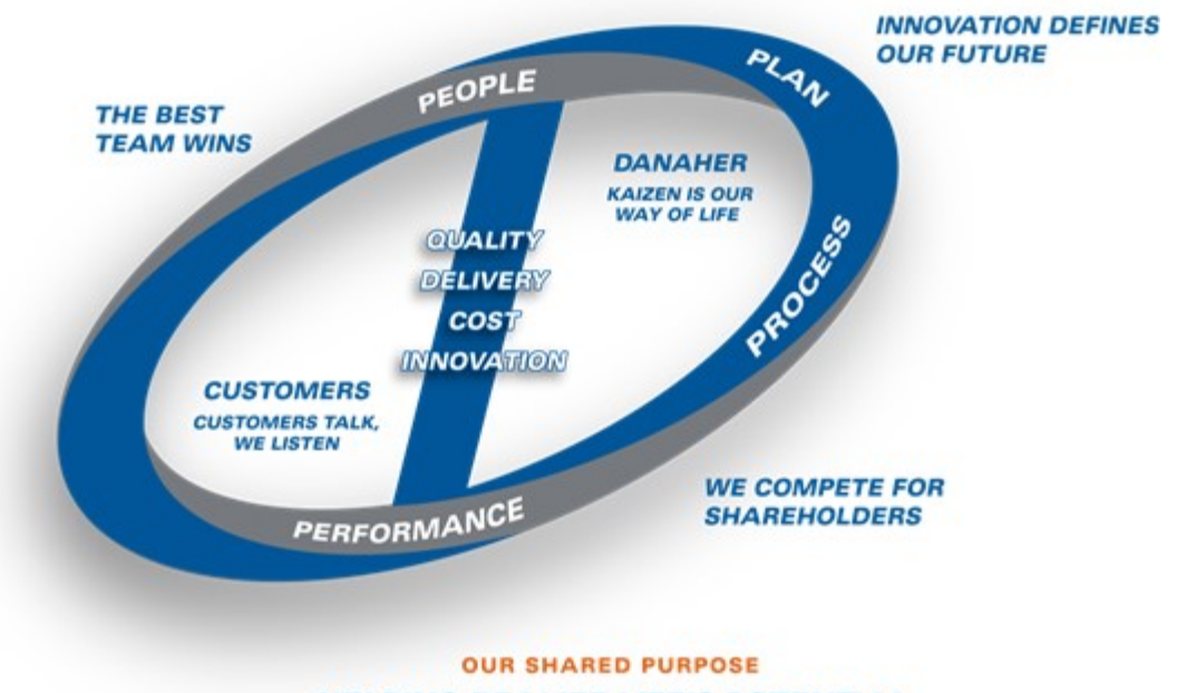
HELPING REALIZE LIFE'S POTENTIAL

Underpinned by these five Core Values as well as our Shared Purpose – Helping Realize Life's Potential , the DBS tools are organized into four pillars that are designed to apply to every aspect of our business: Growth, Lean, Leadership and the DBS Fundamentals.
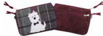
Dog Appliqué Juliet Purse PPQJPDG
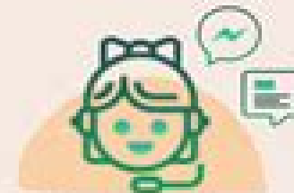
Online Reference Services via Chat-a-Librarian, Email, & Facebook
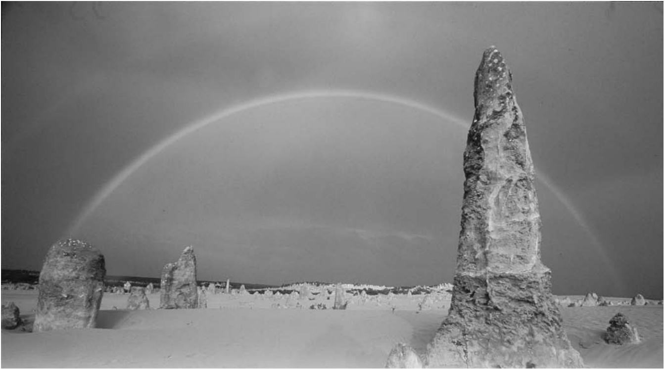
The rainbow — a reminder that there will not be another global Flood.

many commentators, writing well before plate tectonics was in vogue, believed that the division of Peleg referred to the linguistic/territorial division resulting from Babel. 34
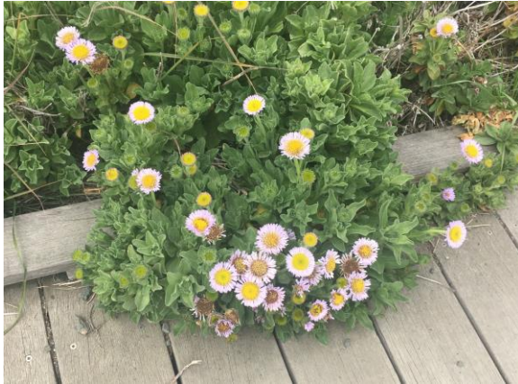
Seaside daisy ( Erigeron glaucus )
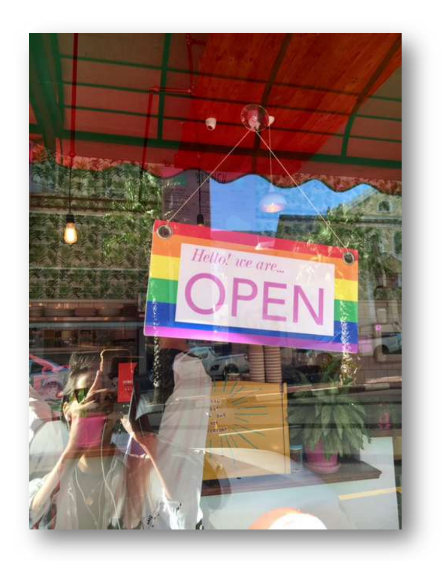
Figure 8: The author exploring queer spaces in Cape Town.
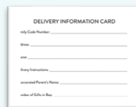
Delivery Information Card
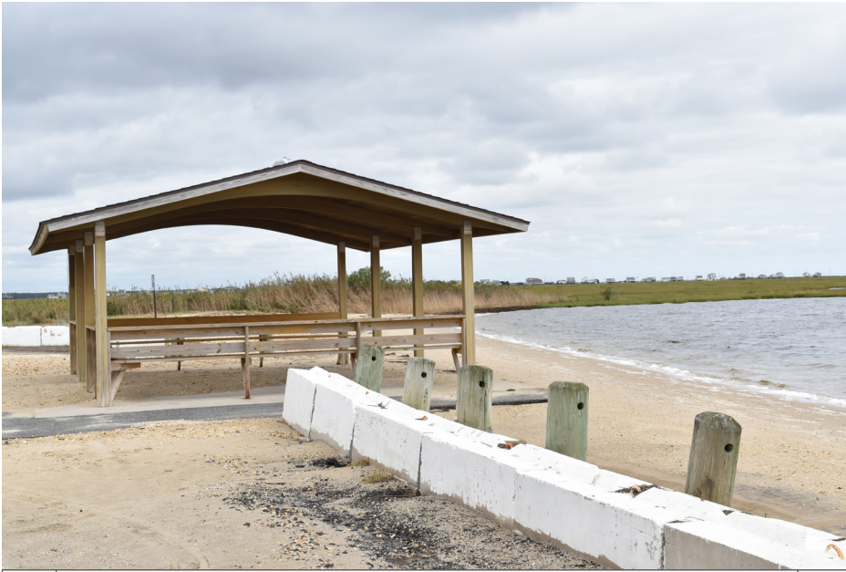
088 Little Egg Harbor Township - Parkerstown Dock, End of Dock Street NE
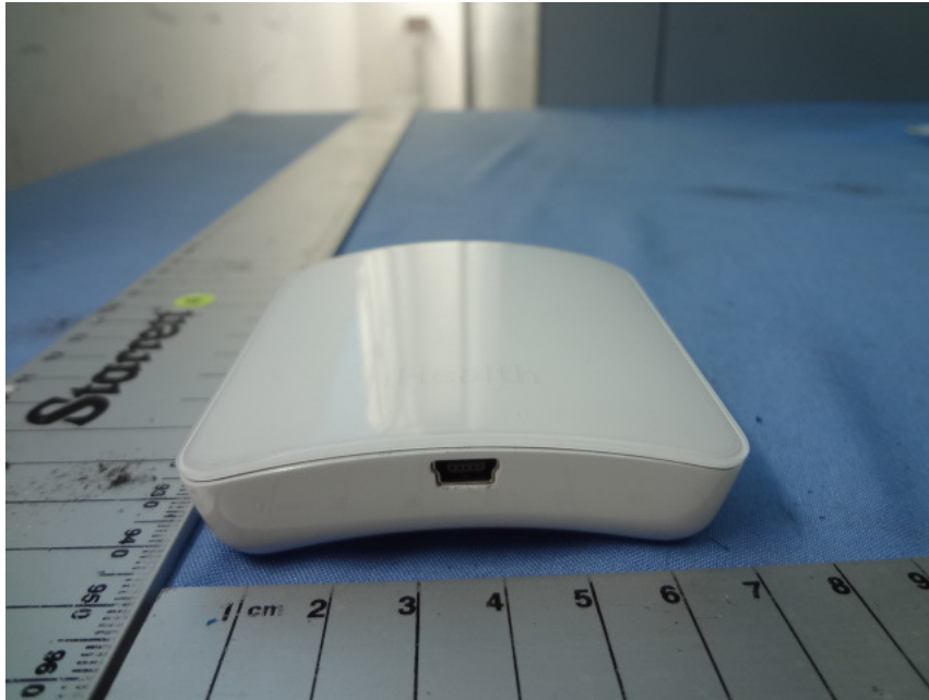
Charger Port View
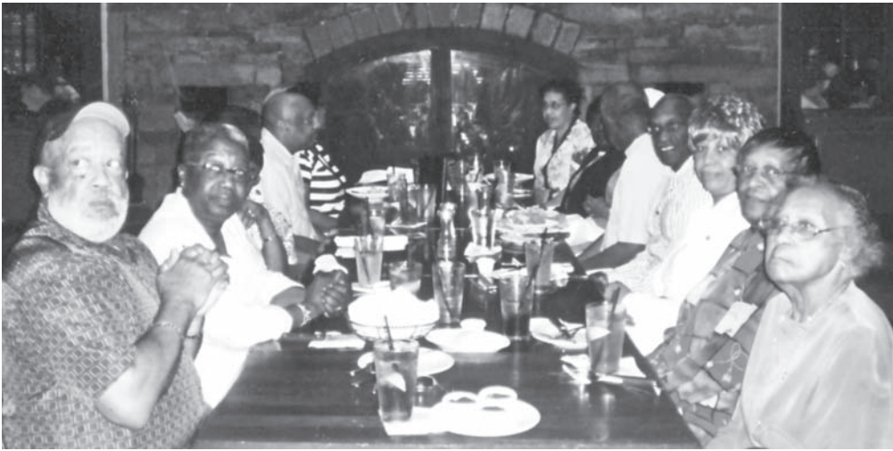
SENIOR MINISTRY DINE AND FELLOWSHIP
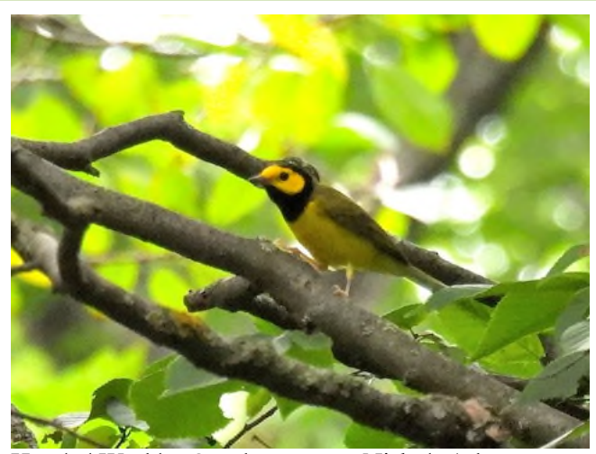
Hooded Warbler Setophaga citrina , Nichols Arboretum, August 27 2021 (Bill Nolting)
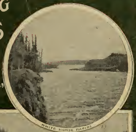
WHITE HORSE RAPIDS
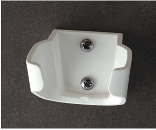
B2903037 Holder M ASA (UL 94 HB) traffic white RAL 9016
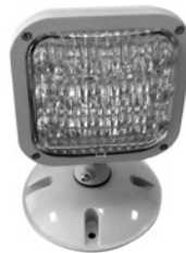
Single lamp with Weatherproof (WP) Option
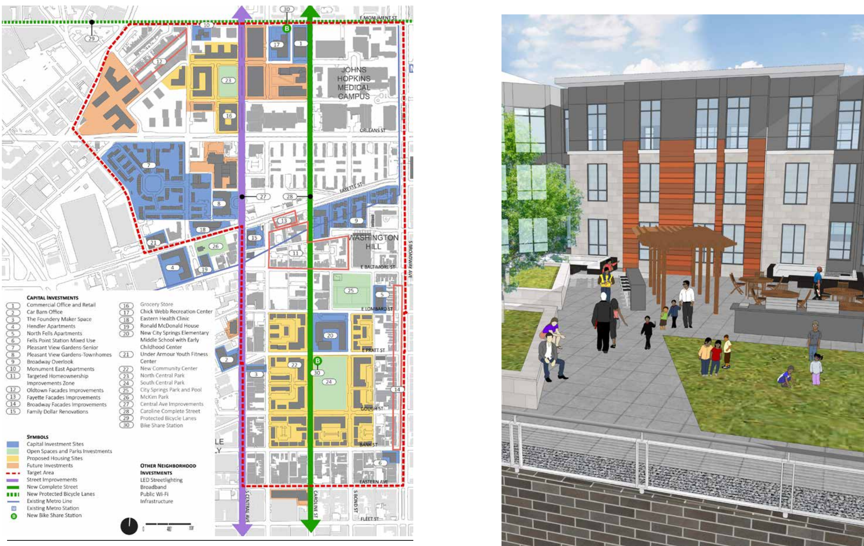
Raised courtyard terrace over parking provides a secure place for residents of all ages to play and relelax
=-=-=-=-=
Everything from the first line of the entries above through the line with "The rainbow —" should be duplicated exactly, except the pictures.

• [ANSWER FOR THIS EXERCISE]:
HELPING REALIZE LIFE'S POTENTIAL

Underpinned by these five Core Values as well as our Shared Purpose – Helping Realize Life's Potential , the DBS tools are organized into four pillars that are designed to apply to every aspect of our business: Growth, Lean, Leadership and the DBS Fundamentals.
Dog Appliqué Juliet Purse PPQJPDG
Online Reference Services via Chat-a-Librarian, Email, & Facebook
The rainbow — a reminder that there will not be another global Flood.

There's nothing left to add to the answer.